» **Information supplied**

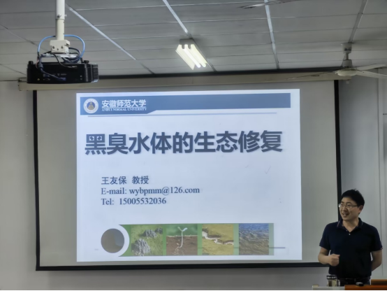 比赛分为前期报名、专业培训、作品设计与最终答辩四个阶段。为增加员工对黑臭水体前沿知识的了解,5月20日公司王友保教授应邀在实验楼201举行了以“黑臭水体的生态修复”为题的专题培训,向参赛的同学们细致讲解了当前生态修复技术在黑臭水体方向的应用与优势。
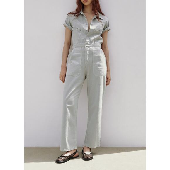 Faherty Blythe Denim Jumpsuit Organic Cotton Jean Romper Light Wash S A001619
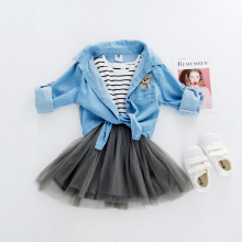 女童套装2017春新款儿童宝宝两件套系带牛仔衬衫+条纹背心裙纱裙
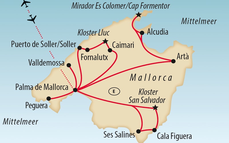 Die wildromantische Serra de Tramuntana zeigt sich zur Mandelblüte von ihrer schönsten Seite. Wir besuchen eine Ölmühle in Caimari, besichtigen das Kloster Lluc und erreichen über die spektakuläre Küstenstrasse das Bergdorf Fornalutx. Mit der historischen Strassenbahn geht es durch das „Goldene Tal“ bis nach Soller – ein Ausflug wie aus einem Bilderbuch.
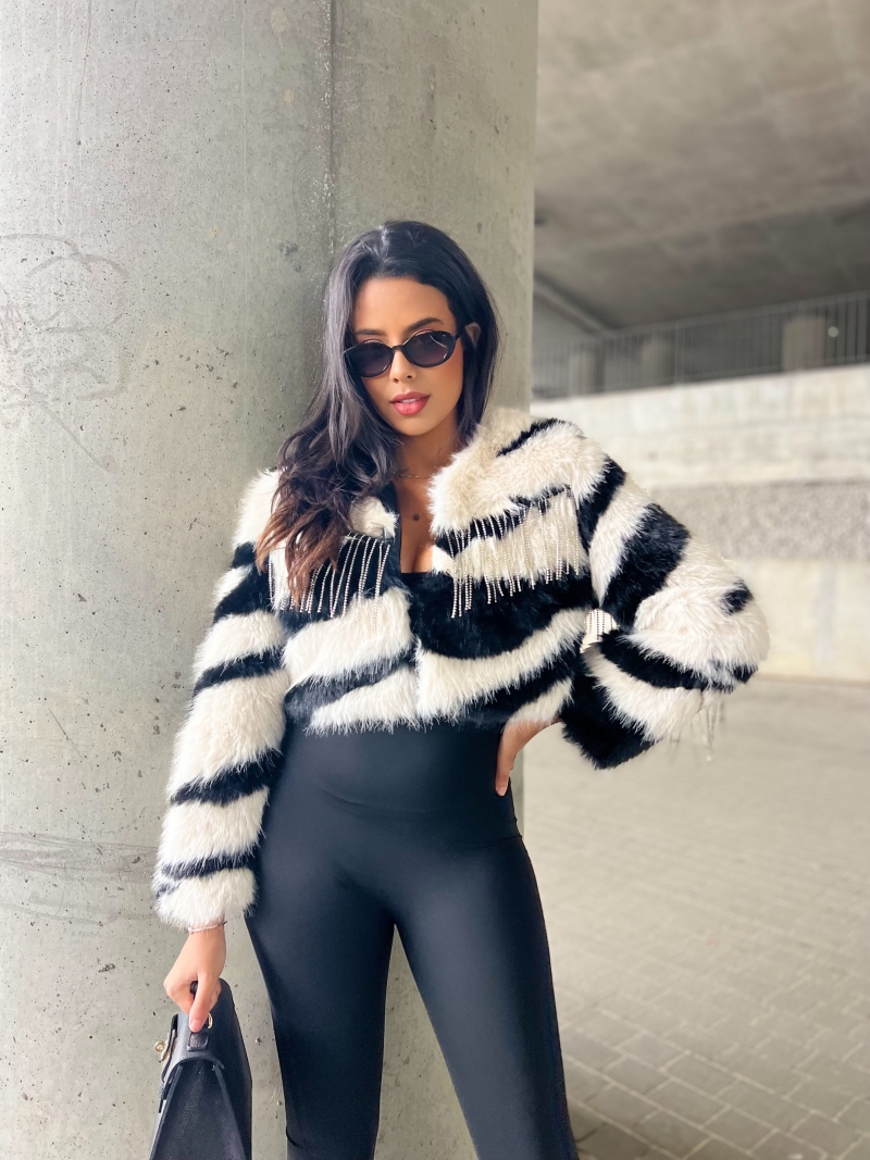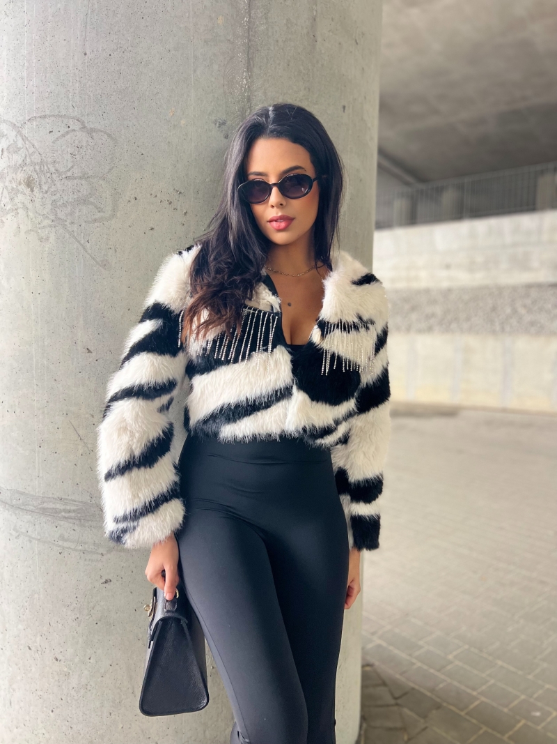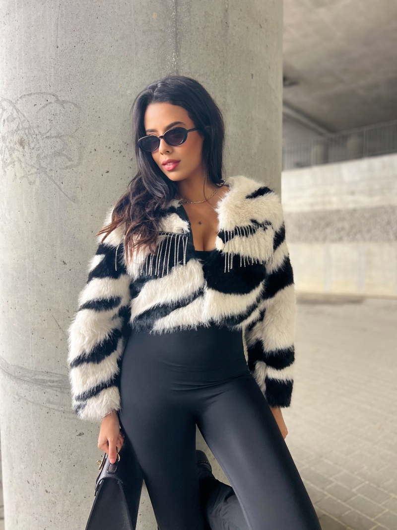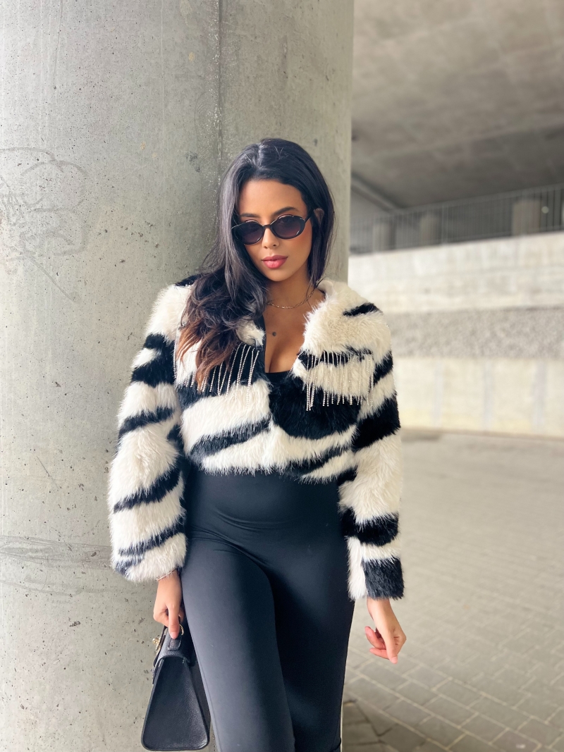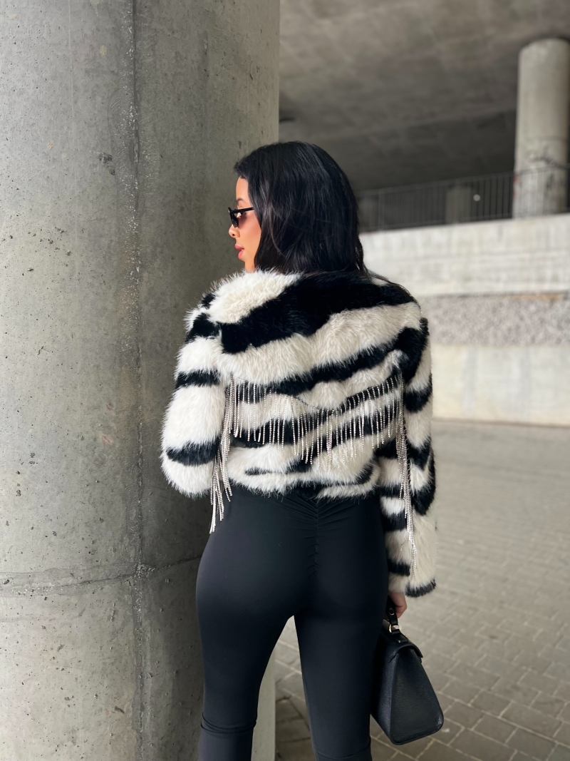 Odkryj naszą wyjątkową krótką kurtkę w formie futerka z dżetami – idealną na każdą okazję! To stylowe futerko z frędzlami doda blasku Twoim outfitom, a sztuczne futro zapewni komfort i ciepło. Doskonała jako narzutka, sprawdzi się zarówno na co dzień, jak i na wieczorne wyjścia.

* * *

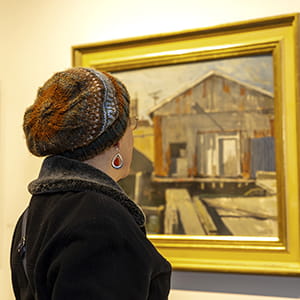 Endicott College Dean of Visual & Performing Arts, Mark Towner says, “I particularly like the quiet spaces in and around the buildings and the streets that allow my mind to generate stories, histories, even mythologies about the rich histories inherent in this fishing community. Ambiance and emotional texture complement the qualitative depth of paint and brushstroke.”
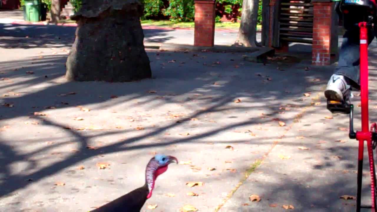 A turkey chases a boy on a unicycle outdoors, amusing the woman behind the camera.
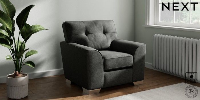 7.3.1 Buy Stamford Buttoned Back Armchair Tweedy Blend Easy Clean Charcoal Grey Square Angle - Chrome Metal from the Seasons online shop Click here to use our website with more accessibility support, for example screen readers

» **Work task**
Would you transcribe the lines above exactly, going from the line bearing "比赛分为前期报名、专业培训、" through the line bearing "女童套装2017春新款儿童宝宝两件套系带牛仔衬衫+条纹背心裙纱裙", and drop the pictures from the copy?

» **The answer**
 比赛分为前期报名、专业培训、作品设计与最终答辩四个阶段。为增加员工对黑臭水体前沿知识的了解,5月20日公司王友保教授应邀在实验楼201举行了以“黑臭水体的生态修复”为题的专题培训,向参赛的同学们细致讲解了当前生态修复技术在黑臭水体方向的应用与优势。
 Faherty Blythe Denim Jumpsuit Organic Cotton Jean Romper Light Wash S A001619
 女童套装2017春新款儿童宝宝两件套系带牛仔衬衫+条纹背心裙纱裙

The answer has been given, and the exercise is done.